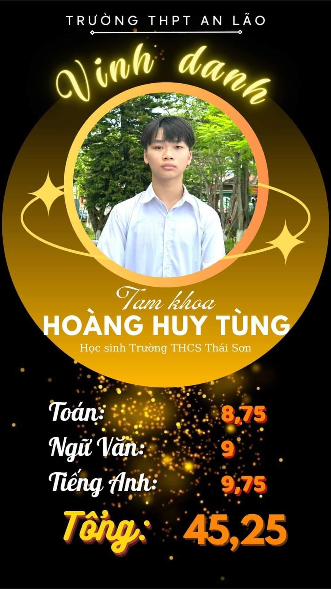 🎉 Trường THCS Thái Sơn xin gửi lời chúc mừng đến các bạn hs lớp 9 và đặc biệt là học sinh HOÀNG HUY TÙNG đã hoàn thành bài thi một cách xuất sắc nhất giành vị trí TAM KHOA tại hội đồng thi THPT An Lão!
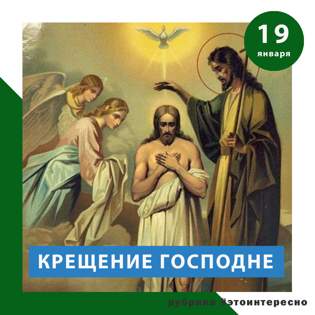 Крещение Господне (Богоявление) — христианский праздник, один из двунадесятых — двенадцати главных дат церковного года. Праздник установлен в память о крещении Иисуса Христа в реке Иордан Иоанном Крестителем. Во время крещения, согласно всем трём синоптическим Евангелиям, на Иисуса сошёл Святой Дух в виде голубя, одновременно глас с небес провозгласил: «Сей есть Сын Мой возлюбленный, в Котором Моё благоволение» Некоторые традиции празднования Крещения Господня: Некоторые запреты, которые иногда связаны с праздником: С КРЕЩЕНИЕМ ГОСПОДНИМ!
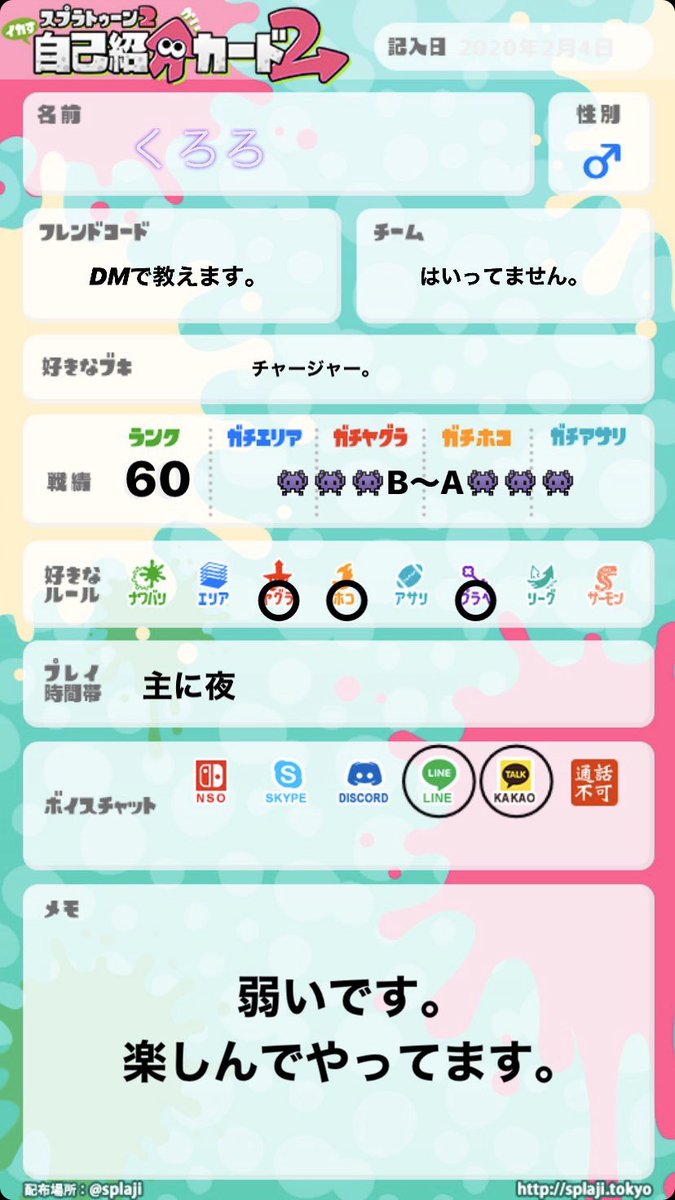 #スプラトゥーン2自己紹介カード#スプラトゥーン2フレンド募集#スプラトゥーン2してる人と繋がりたいpic.twitter.com/DFGFuO8muG
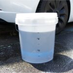 リンスレスウォッシュ液が汚れを浮かすまで数分待って、DIY DETAIL レガシースポンジ(推奨)やウォッシュパッドをバケツに浸し、直線的に1パネルずつ洗います。
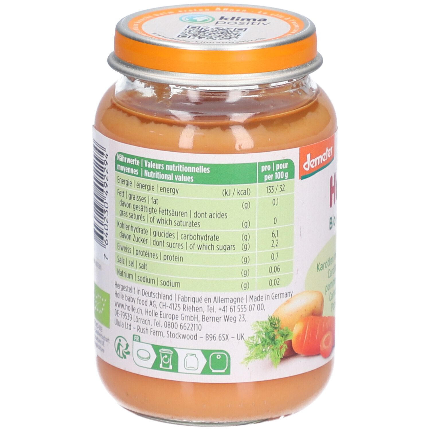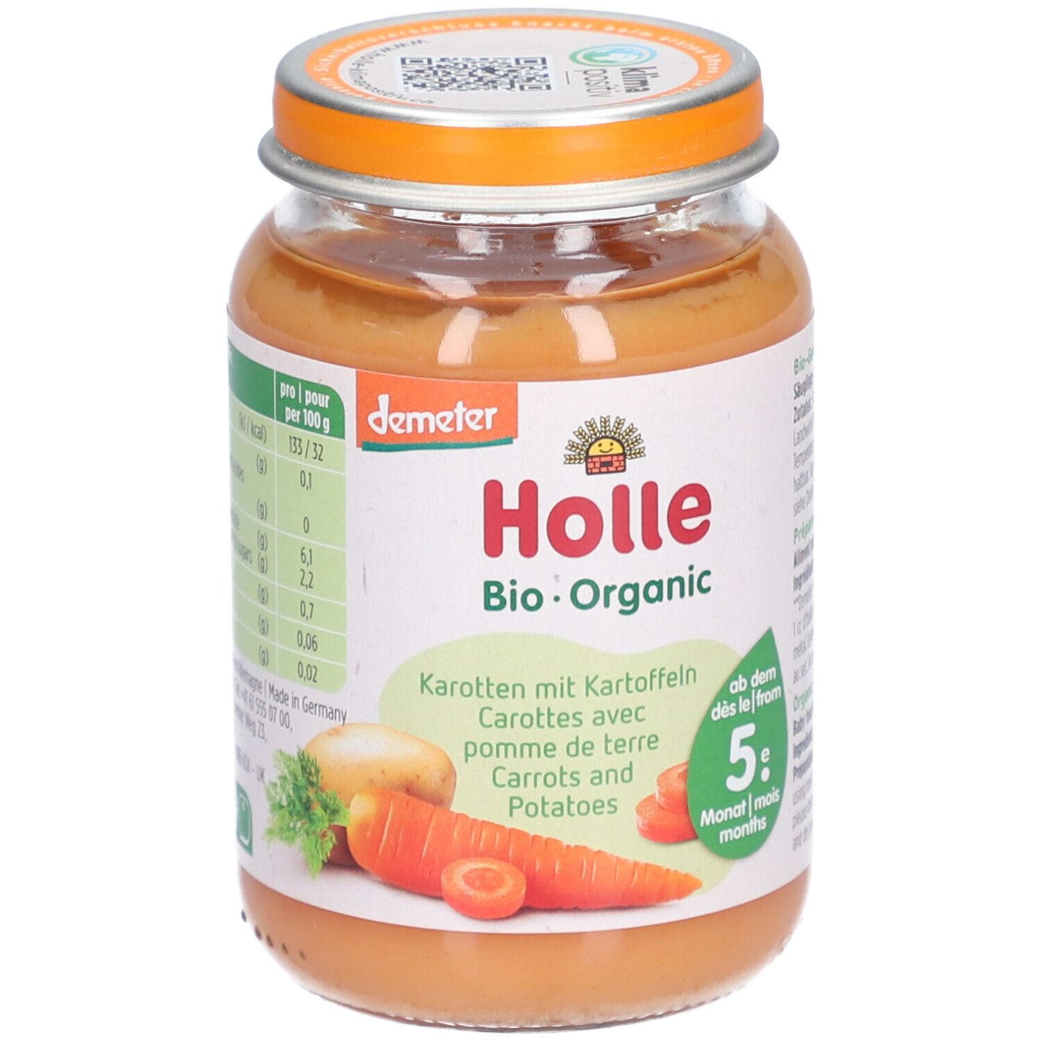 Органическое детское питание Holle с тыквой, кабачками и картофелем для детей от 6 месяцев. Без добавления сахара, соли, специй и ароматизаторов. Подходит для веганов, не содержит лактозу и глютен. Произведено в Швейцарии из биодинамических ингредиентов Demeter.
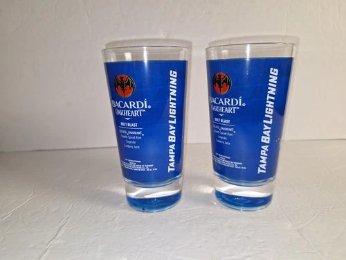 2 Tampa Bay Lightning Bacardi Oakheart Rum Plastic Pint Glasses Bolt Blast 2013
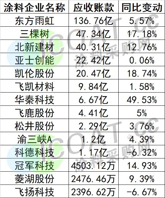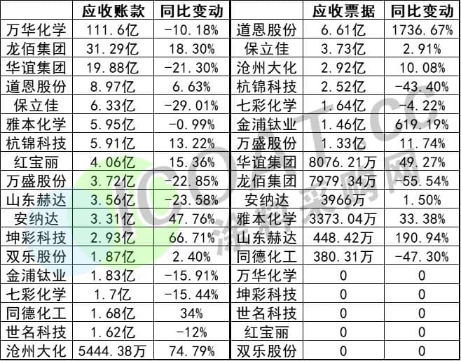 涂料采購網(wǎng)在涂料產(chǎn)業(yè)鏈上游原材料領(lǐng)域,和相關(guān)化工領(lǐng)域查閱了部分企業(yè)的業(yè)績發(fā)現(xiàn),應收賬款約216億,應收票據(jù)約22億,其中萬華化學、龍佰集團、華誼集團位居應收賬款前三名的位置,分別為111.6億、31.29億、19.88億。

——————————

■ What to work on ■
Transcribe the data word for word, with no images.

■ Response ■
 🎉 Trường THCS Thái Sơn xin gửi lời chúc mừng đến các bạn hs lớp 9 và đặc biệt là học sinh HOÀNG HUY TÙNG đã hoàn thành bài thi một cách xuất sắc nhất giành vị trí TAM KHOA tại hội đồng thi THPT An Lão!
 Крещение Господне (Богоявление) — христианский праздник, один из двунадесятых — двенадцати главных дат церковного года. Праздник установлен в память о крещении Иисуса Христа в реке Иордан Иоанном Крестителем. Во время крещения, согласно всем трём синоптическим Евангелиям, на Иисуса сошёл Святой Дух в виде голубя, одновременно глас с небес провозгласил: «Сей есть Сын Мой возлюбленный, в Котором Моё благоволение» Некоторые традиции празднования Крещения Господня: Некоторые запреты, которые иногда связаны с праздником: С КРЕЩЕНИЕМ ГОСПОДНИМ!
 #スプラトゥーン2自己紹介カード#スプラトゥーン2フレンド募集#スプラトゥーン2してる人と繋がりたいpic.twitter.com/DFGFuO8muG
 リンスレスウォッシュ液が汚れを浮かすまで数分待って、DIY DETAIL レガシースポンジ(推奨)やウォッシュパッドをバケツに浸し、直線的に1パネルずつ洗います。
 Органическое детское питание Holle с тыквой, кабачками и картофелем для детей от 6 месяцев. Без добавления сахара, соли, специй и ароматизаторов. Подходит для веганов, не содержит лактозу и глютен. Произведено в Швейцарии из биодинамических ингредиентов Demeter.
 2 Tampa Bay Lightning Bacardi Oakheart Rum Plastic Pint Glasses Bolt Blast 2013
 涂料采購網(wǎng)在涂料產(chǎn)業(yè)鏈上游原材料領(lǐng)域,和相關(guān)化工領(lǐng)域查閱了部分企業(yè)的業(yè)績發(fā)現(xiàn),應收賬款約216億,應收票據(jù)約22億,其中萬華化學、龍佰集團、華誼集團位居應收賬款前三名的位置,分別為111.6億、31.29億、19.88億。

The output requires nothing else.